Ma è negli anni 80 che il ruolo suo e dei suoi, i viddani, i
villani di Corleone che hanno sfidato la mafia della città,
diventa indiscusso. Soldi a fiumi con la droga, gli appalti e la
speculazione edilizia. E una conquista del potere a colpi di
omicidi eclatanti e lupare bianche. E’ la seconda guerra di
mafia. Il 23 aprile 1981 cade Stefano Bontande, “il principe di
Villagrazia”, il boss che vestiva in doppiopetto, frequentava i
salotti buoni della città e controllava i traffici della Cosa
nostra palermitana. Massacrato nel suo regno e nel giorno del
suo compleanno. Diciotto giorni dopo, tocca al suo alleato,
Totuccio Inzerillo, poi al figlio e al fratello: i parenti
superstiti fuggono negli Stati Uniti e hanno salva la vita a
patto di non tornare più in Sicilia. In poche settimane restano
a terra decine di cadaveri. Riina la belva , come lo chiama il
suo referente politico Vito Ciancimino, ex sindaco mafioso di
Palermo del sacco edilizio, è feroce e spietato. Condannato in
contumacia all’ergastolo durante il “maxiprocesso”, viene
inchiodato dalle rivelazioni dei primo pentito di rango, Tommaso
Buscetta. Totò “u curto” si vendica facendogli uccidere undici
parenti. Quando il maxi diventa definitivo e cominciano a
fioccare gli ergastoli per gli uomini d’onore, il padrino
dichiara guerra allo Stato. Una sorta di redde rationem con la
condanna dei nemici storici come i giudici Falcone e Borsellino,
a cui si doveva il maxiprocesso, e di chi aveva tradito. La
lista di chi andava eliminato era lunga e contava anche i
politici che, secondo il boss, non avevano rispettato i patti.

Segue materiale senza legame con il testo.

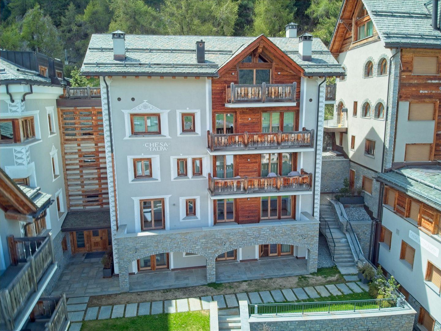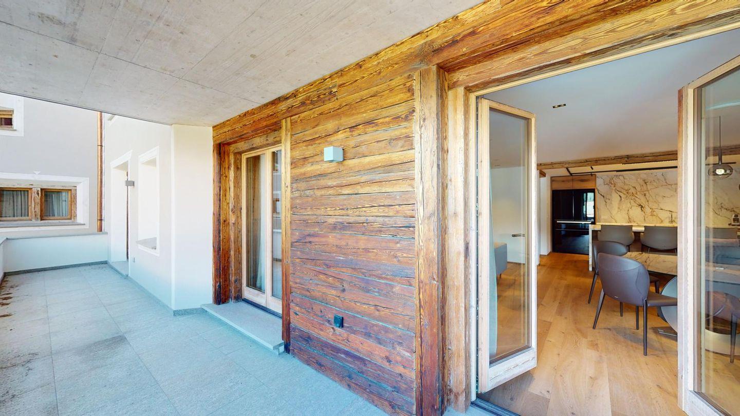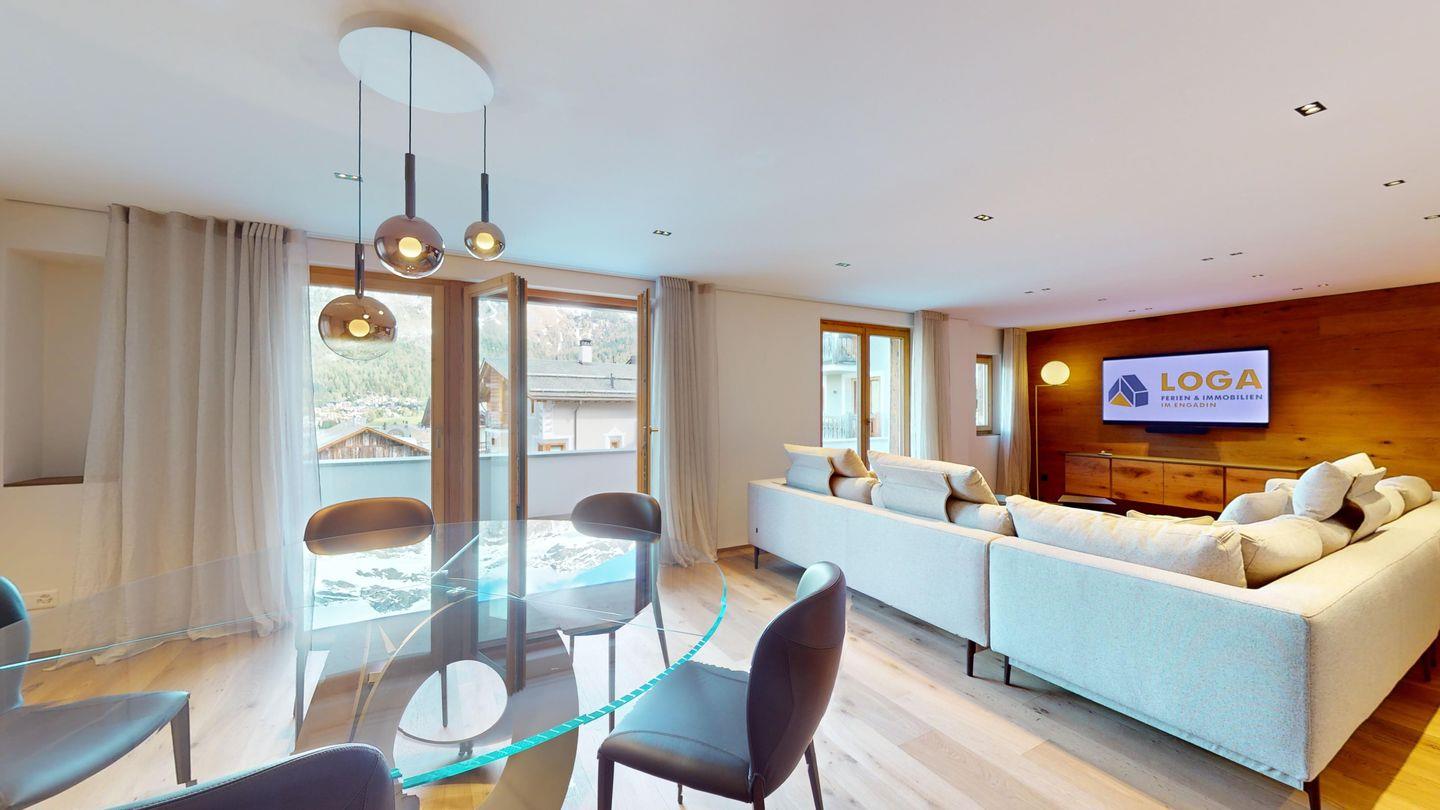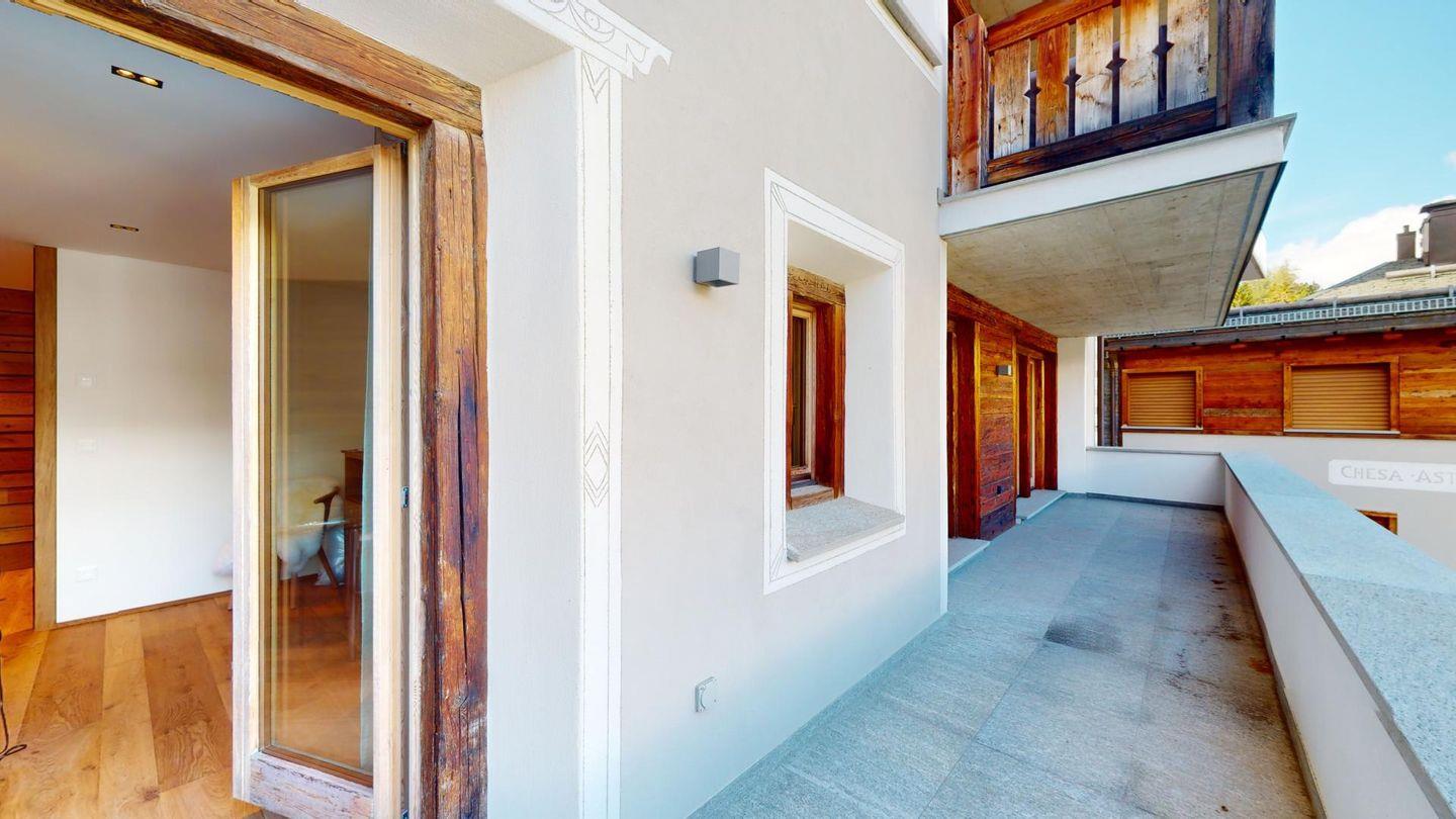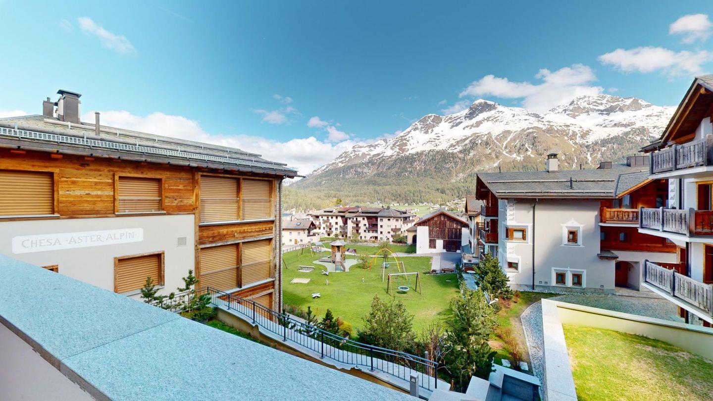 Das 2014 erbaute Mehrfamilienhaus befindet sich am Ortsausgang von Silvaplana Richtung alter Julierstrasse.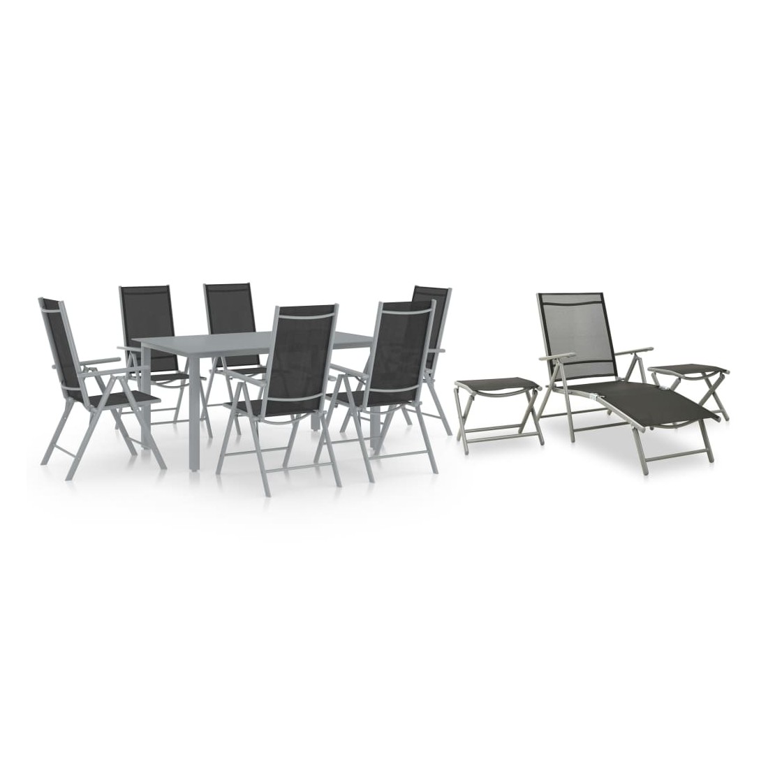 Cet ensemble de salle à manger de jardin à la fois pratique et élégant est parfait pour vous détendre ou dîner dans votre jardin ou sur votre terrasse. Le cadre en aluminium enduit de poudre rend l'ensemble de meubles très robuste et durable. Les chaises de jardin sont dotées de sièges et de dossiers en textilène doux au toucher, réglables sur 7 positions, afin que vous puissiez toujours trouver la position assise la plus confortable. Les repose-pieds ajoutent plus de confort. Vous pouvez également les utiliser comme tables basses pour placer des boissons et des aliments à portée de main. La table de salle à manger dispose d’un dessus de table en verre, qui est facile à nettoyer avec un chiffon humide. Remarque : afin de prolonger la durée de vie des meubles d'extérieur, nous vous reco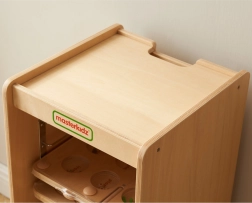 Suppleret med hjul med lås kan skabet nemt flyttes mellem stuer eller legekroge og står stabilt, når bremsen er slået til. Toppladen fungerer som en praktisk flade til øjeblikkelig brug af tavlen – på ingen tid skaber du et mobilt center for læring og leg.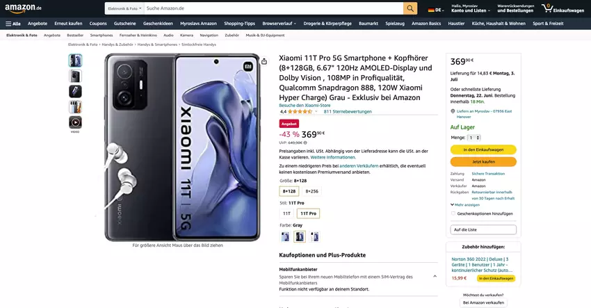 Es handelt sich um das Xiaomi 11T Pro in einer 8/128GB Variante. Der Preis des Smartphones liegt bei check price on amazon.

E’ la stagione delle stragi che il capo dei capi vuole
nonostante non tutti in Cosa nostra siano d’accordo. Il 12 marzo
muore Salvo Lima, proconsole andreottiano in Sicilia. Il 23
maggio e il 19 luglio del 1992 i giudici Giovanni Falcone e
Paolo Borsellino. Al boss restano però pochi mesi di libertà: il
15 gennaio del 1993 i carabinieri del Ros lo arrestano dopo 24
anni di latitanza. La moglie, Ninetta Bagarella che ha trascorso
con lui tutta la vita, torna a Corleone con i quattro figli,Lucia, Concetta, Giovanni e Giuseppe Salvatore, tutti nati in
una delle migliori cliniche private di Palermo.
Gli ultimi periodi della latitanza la famiglia li trascorre
in una villa degli imprenditori mafiosi Sansone, a due passi
dalla circonvallazione. I carabinieri lo ammanettano poco
lontano da casa: un arresto il suo su cui restano molti punti
oscuri. La versione ufficiale lo vuole “consegnato” da un suo ex
fedelissimo, Baldassare Di Maggio, il pentito che poi avrebbe
raccontato del bacio tra Riina e Andreotti. Ma sulla cattura del
capo dei capi gravano ombre pesanti: a tratteggiarle sono gli
stessi magistrati che dal 2012 lo processano per la cosiddetta
trattativa Stato-mafia in cui il boss avrebbe avuto, almeno
inizialmente un ruolo. Sarebbe stato il compaesano, l’amico di
una vita, Bernardo Provenzano, più cauto e, dicono i pentiti,contrario frontale all’attacco allo Stato, a venderlo ai
carabinieri barattando in cambio l’impunità.